Tumor necrosis factor (TNF)-alpha may play a role in the insulin resistance of obesity and NIDDM. Troglitazone is a new orally active hypoglycemic agent that has been shown to ameliorate insulin resistance and hyperinsulinemia in both diabetic animal models and NIDDM subjects. To determine whether this drug could prevent the development of TNF-alpha-induced insulin resistance, glucose turnover was assessed in rats infused with cytokine and pretreated with troglitazone. Normal male Sprague-Dawley rats were fed normal powdered food with or without troglitazone as a food admixture (0.2%). After approximately 10 days, rats were infused with TNF-alpha for 4-5 days, producing a plasma concentration of 632 +/- 30 pg/ml. In vivo insulin action was measured by the euglycemic-hyperinsulinemic clamp technique at a submaximal (24 micromol x kg[-1] x min[-1]) and maximal insulin infusion rate (240 micromol x kg[-1] x min[-1]). TNF-alpha infusion resulted in a pronounced reduction in submaximal insulin-stimulated glucose disposal rate (GDR) (97 +/- 10 vs. 141 +/- 4 micromol x kg[-1] x min[-1], P < 0.05), maximal GDR (175 +/- 8 vs. 267 +/- 6 micromol x kg[-1] x min[-1], P < 0.01), and in insulin receptor-tyrosine kinase activity (IR-TKA) (248 +/- 39 vs. 406 +/- 32 fmol ATP/fmol IR, P < 0.05). It also led to a marked increase in basal insulin (90 +/- 24 vs. 48 +/- 6 micromol/l, P < 0.05) and free fatty acid (FFA) concentration (2.56 +/- 0.76 vs. 0.87 +/- 0.13 mmol/l, P < 0.01). Troglitazone treatment completely prevented the TNF-alpha-induced decline in submaximal GDR (133 +/- 16 vs. 141 +/- 4 micromol x kg[-1] x min[-1], NS) and maximal GDR (271 +/- 19 vs. 267 +/- 6 micromol x kg[-1] x min[-1], NS). The hyperlipidemia was partially corrected by troglitazone (1.53 +/- 0.28 vs. 0.87 +/- 0.13 mmol/l, P < 0.05), while IR-TKA and insulin concentration remained unaffected by the drug. Troglitazone restores insulin action possibly by lowering the FFA concentration of the blood and/or by stimulating glucose uptake at an intracellular point distal to insulin receptor autophosphorylation in muscle. If TNF-alpha plays a role in the development of the obesity/NIDDM syndrome, troglitazone may prove useful in its treatment.

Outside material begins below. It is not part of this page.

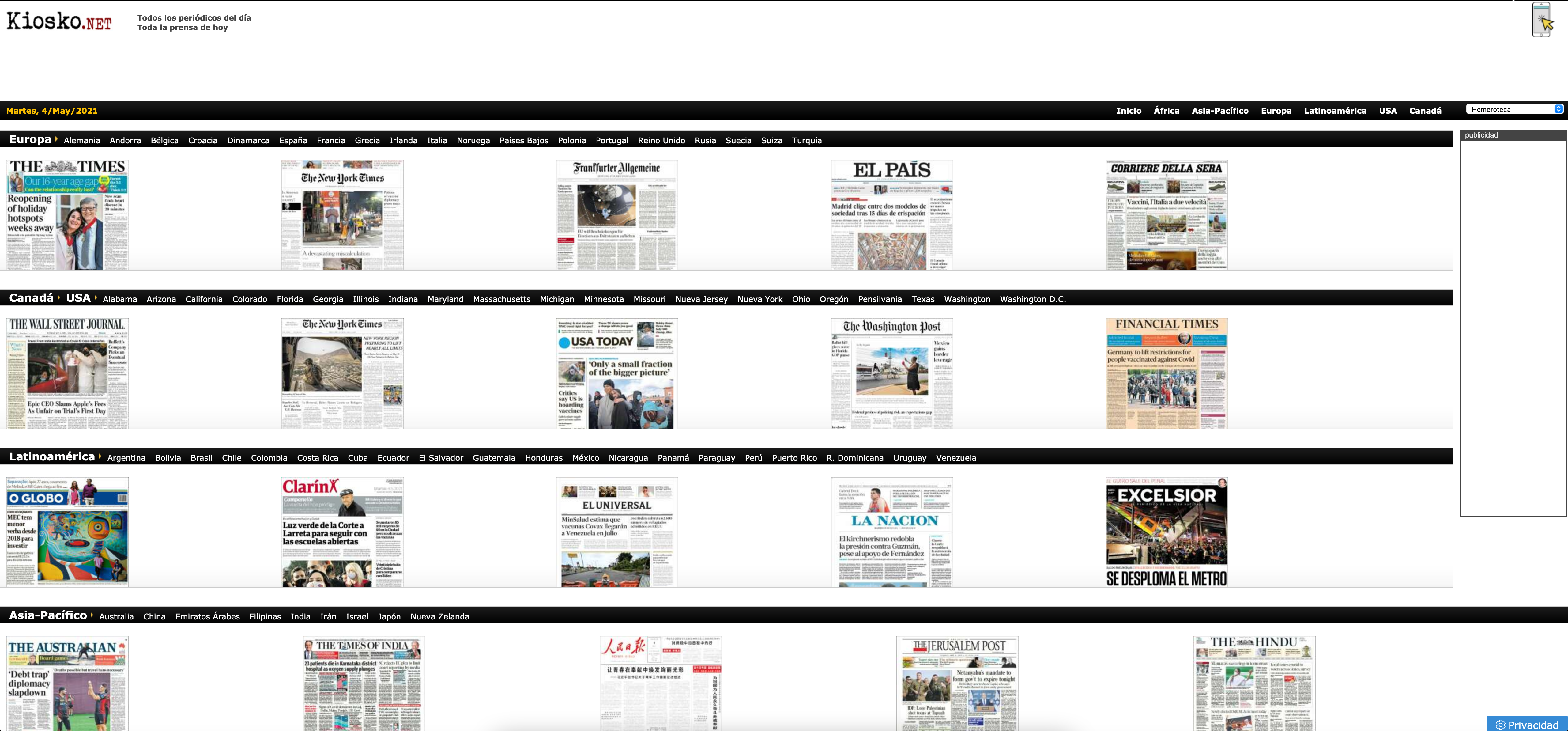 Kiosko.net: http://kiosko.net/ Ofrece una variada selección de periódicos de todo el mundo. Puedes elegirlos por continente o por país. Solo se pueden hacer búsquedas en los 7 días más recientes. De cada periódico, Kiosko.net te ofrece la primera plana y una selección de las últimas noticias publicadas en este. |

肿瘤坏死因子(TNF)-α可能在肥胖和非胰岛素依赖型糖尿病(NIDDM)的胰岛素抵抗中起作用。曲格列酮是一种新型口服活性降糖药,已证实在糖尿病动物模型和NIDDM患者中,它能改善胰岛素抵抗和高胰岛素血症。为了确定该药物是否能预防TNF-α诱导的胰岛素抵抗的发生,对输注细胞因子并预先用曲格列酮处理的大鼠的葡萄糖代谢情况进行了评估。正常雄性斯普拉格-道利大鼠喂食添加或不添加曲格列酮(0.2%作为食物添加剂)的普通粉状食物。大约10天后,大鼠输注TNF-α 4 - 5天,使血浆浓度达到632±30 pg/ml。采用正常血糖-高胰岛素钳夹技术,在次最大(24 μmol·kg⁻¹·min⁻¹)和最大胰岛素输注速率(240 μmol·kg⁻¹·min⁻¹)下测量体内胰岛素作用。输注TNF-α导致次最大胰岛素刺激的葡萄糖处置率(GDR)显著降低(97±10对141±4 μmol·kg⁻¹·min⁻¹,P<0.05)、最大GDR降低(175±8对267±6 μmol·kg⁻¹·min⁻¹,P<0.01)以及胰岛素受体酪氨酸激酶活性(IR-TKA)降低(248±39对406±32 fmol ATP/fmol IR,P<0.05)。它还导致基础胰岛素(90±24对48±6 μmol/L,P<0.05)和游离脂肪酸(FFA)浓度显著升高(2.56±0.76对0.87±0.13 mmol/L,P<0.01)。曲格列酮治疗完全预防了TNF-α诱导的次最大GDR下降(133±16对141±4 μmol·kg⁻¹·min⁻¹,无显著差异)和最大GDR下降(271±19对267±6 μmol·kg⁻¹·min⁻¹,无显著差异)。曲格列酮部分纠正了高脂血症(1.53±0.28对0.87±0.13 mmol/L,P<0.05),而IR-TKA和胰岛素浓度不受该药物影响。曲格列酮可能通过降低血液中的FFA浓度和/或通过在肌肉中胰岛素受体自身磷酸化远端的细胞内位点刺激葡萄糖摄取来恢复胰岛素作用。如果TNF-α在肥胖/NIDDM综合征的发生中起作用,曲格列酮可能在其治疗中被证明是有用的。